== BRIEF ==
Beginning with the line containing "Toit ouvrant panoramique" and ending with the line containing "Wir haben weitere", write out each line of the records below exactly; pictures and lines outside that range are left out.

::: DATA EXCERPTS

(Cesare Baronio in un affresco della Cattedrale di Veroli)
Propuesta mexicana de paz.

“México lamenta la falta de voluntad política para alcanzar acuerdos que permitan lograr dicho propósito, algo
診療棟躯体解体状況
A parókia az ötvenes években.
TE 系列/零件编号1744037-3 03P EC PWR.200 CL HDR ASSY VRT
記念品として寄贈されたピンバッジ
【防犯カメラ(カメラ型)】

::::::
::: DATA EXCERPTS

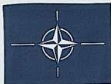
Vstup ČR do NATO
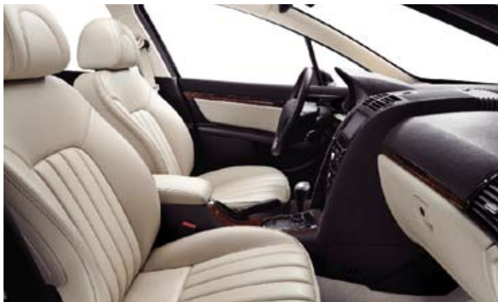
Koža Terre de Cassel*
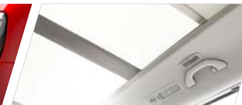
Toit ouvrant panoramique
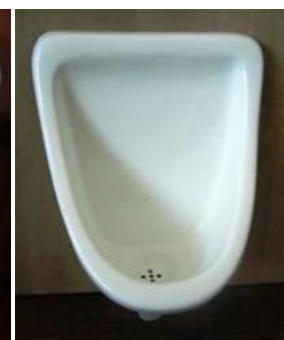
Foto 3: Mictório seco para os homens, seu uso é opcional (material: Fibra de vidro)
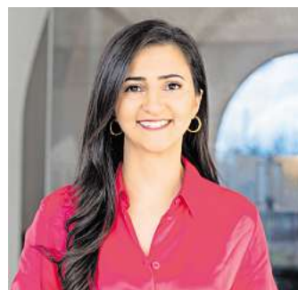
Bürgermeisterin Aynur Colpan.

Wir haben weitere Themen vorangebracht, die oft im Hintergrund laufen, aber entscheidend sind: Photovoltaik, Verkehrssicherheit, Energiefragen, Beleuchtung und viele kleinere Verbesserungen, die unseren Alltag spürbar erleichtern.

::::::
::: DATA EXCERPTS

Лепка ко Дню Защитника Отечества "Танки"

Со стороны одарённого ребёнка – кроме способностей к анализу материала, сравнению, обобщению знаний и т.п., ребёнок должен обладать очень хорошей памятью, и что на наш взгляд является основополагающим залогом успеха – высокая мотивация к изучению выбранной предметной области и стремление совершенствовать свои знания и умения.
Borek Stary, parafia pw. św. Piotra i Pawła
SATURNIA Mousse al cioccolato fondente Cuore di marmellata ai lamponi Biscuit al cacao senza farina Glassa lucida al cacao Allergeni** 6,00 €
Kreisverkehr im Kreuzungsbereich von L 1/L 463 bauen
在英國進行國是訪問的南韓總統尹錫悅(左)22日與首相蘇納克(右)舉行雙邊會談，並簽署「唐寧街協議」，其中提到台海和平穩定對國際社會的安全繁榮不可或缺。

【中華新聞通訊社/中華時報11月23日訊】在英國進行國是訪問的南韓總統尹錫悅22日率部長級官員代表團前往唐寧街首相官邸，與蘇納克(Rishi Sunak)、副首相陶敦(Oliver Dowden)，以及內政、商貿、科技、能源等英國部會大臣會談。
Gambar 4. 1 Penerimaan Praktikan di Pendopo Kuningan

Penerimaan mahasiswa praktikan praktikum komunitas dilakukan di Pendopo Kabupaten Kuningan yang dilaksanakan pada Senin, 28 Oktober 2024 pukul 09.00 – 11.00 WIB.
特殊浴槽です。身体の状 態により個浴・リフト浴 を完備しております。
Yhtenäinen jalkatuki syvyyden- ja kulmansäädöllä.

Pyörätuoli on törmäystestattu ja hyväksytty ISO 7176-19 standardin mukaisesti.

::::::

== RESPONSE AREA ==
Toit ouvrant panoramique
Foto 3: Mictório seco para os homens, seu uso é opcional (material: Fibra de vidro)
Bürgermeisterin Aynur Colpan.

Wir haben weitere Themen vorangebracht, die oft im Hintergrund laufen, aber entscheidend sind: Photovoltaik, Verkehrssicherheit, Energiefragen, Beleuchtung und viele kleinere Verbesserungen, die unseren Alltag spürbar erleichtern.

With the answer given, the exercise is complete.